Question

Ages of five boys are ( 2a + 5 ), ( 3a – 4 ), ( a + 3 ), ( 2a - 5 ) and ( 2a + 6 ) respectively, if the average of ages is 21 find the value of ‘ a ’ .
( a ) 105
( b ) 100
( c ) 10
( d) 106

Answer 1

Hint: We can see that there is a factor ‘ a ‘ which is common in ages of all five boys so we have to find such ‘ a ‘ and we will find it with the concept of average value method. This method is used to find the average of any number of numerical values.

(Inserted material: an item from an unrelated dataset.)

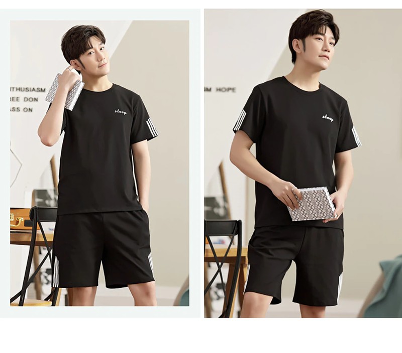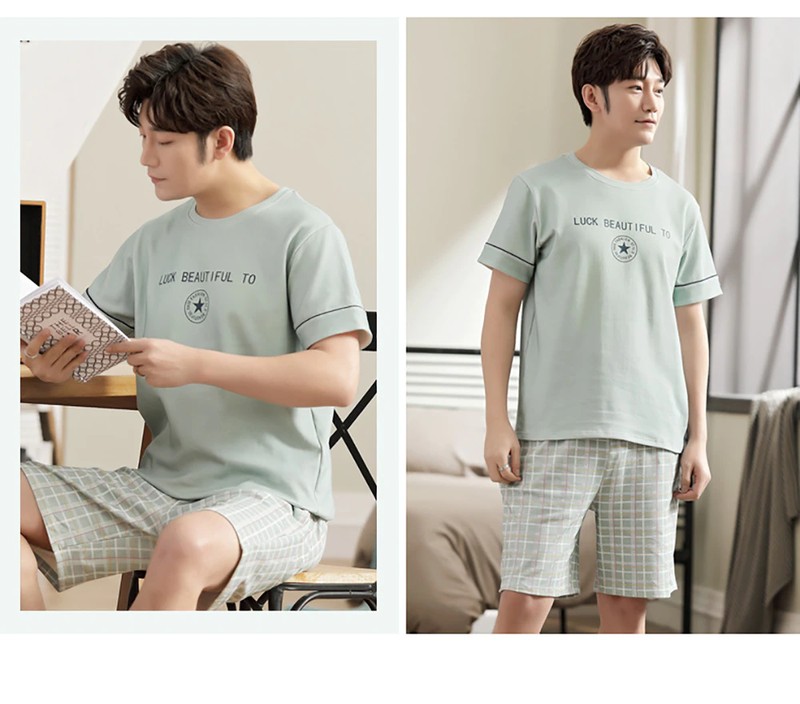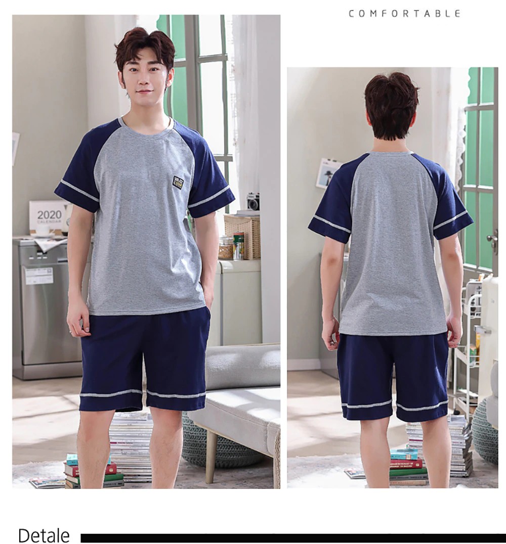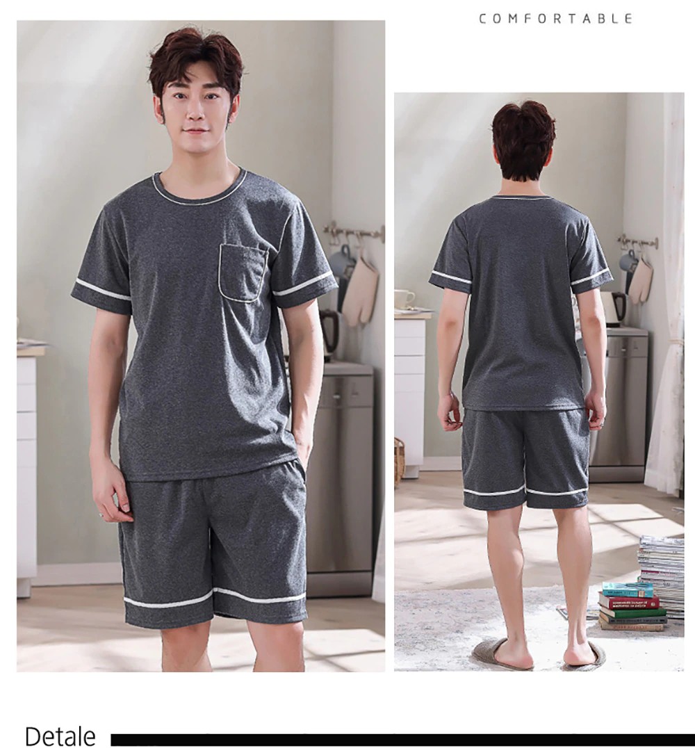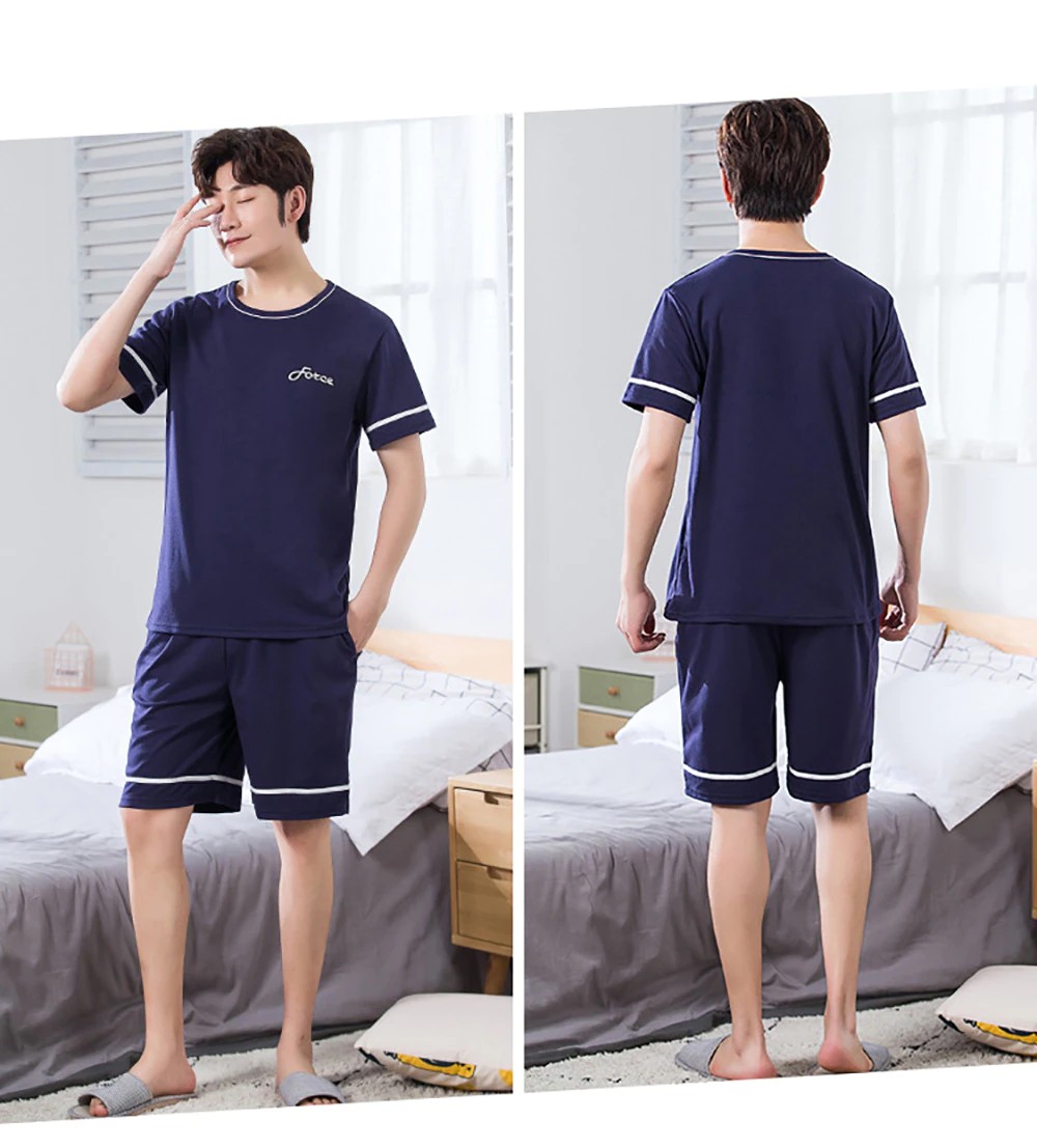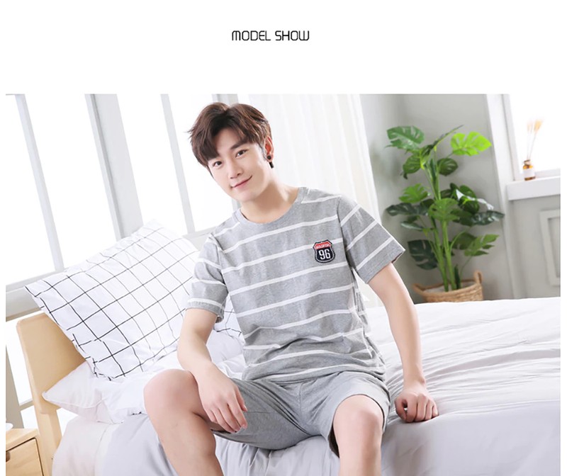 Plus Tamanho Pijamas Para Homem Casual Algodão Impressão Pijama Define Verão Manga Curta + Elástico Listrado Shorts Casa Terno Pijamas

Complete step by step answer:
In question it is given that there are five boys and ages of these five boys are ( 2a + 5 ), ( 3a – 4 ), ( a + 3 ), ( 2a - 5 ) and ( 2a + 6 ) respectively. And, also it is given that the average age of these five boys is 21 years.
Now, we know that there is a concept known as Average Value. It is denoted by $\overline{n}$ and is defined as,
In general, if we have say total n numbers say ${{n}_{1}},{{n}_{2}},{{n}_{3}},........,{{n}_{n}}$ then, the average value of these total n objects will be equal to, Average value $\overline{n}=\dfrac{total\text{ }sum\text{ }of\text{ }all\text{ }n\text{ }values}{total\text{ }number\text{ }of\text{ }values}$ that is
$\overline{n}=\dfrac{{{n}_{1}}+{{n}_{2}}+{{n}_{3}}+.......+{{n}_{n}}}{n}$ .
So here we have five values then n = 5 and let the values be say, ${{n}_{1}}=2a+5,{{n}_{2}}=3a-4,{{n}_{3}}=a+3,{{n}_{4}}=2a-5,{{n}_{5}}=2a+6$.
So, Average age value $\overline{n}=\dfrac{(2a+5)+(3a-4)+(a+3)+(2a-5)+(2a+6)}{5}$…… ( i )
It is given that the average value is equal to 21.
So , putting value of average in equation ( i ), we get
$21=\dfrac{(2a+5)+(3a-4)+(a+3)+(2a-5)+(2a+6)}{5}$
Taking 5 from denominator on right side to left side we get,
$21\times 5=(2a+5)+(3a-4)+(a+3)+(2a-5)+(2a+6)$
On solving we get,
$10a+5=105$,
On simplification, we get
$\begin{align}
  & 10a=105-5 \\
 & 10a=100 \\
 & a=10 \\
\end{align}$

So, the correct answer is “Option c”.

Note: Always remember the concept of Average value. It might happen that if we have more values to add we may make calculation mistakes so try to avoid the calculation mistake. In Cross multiplication, the number should be multiplied with each term when we open brackets.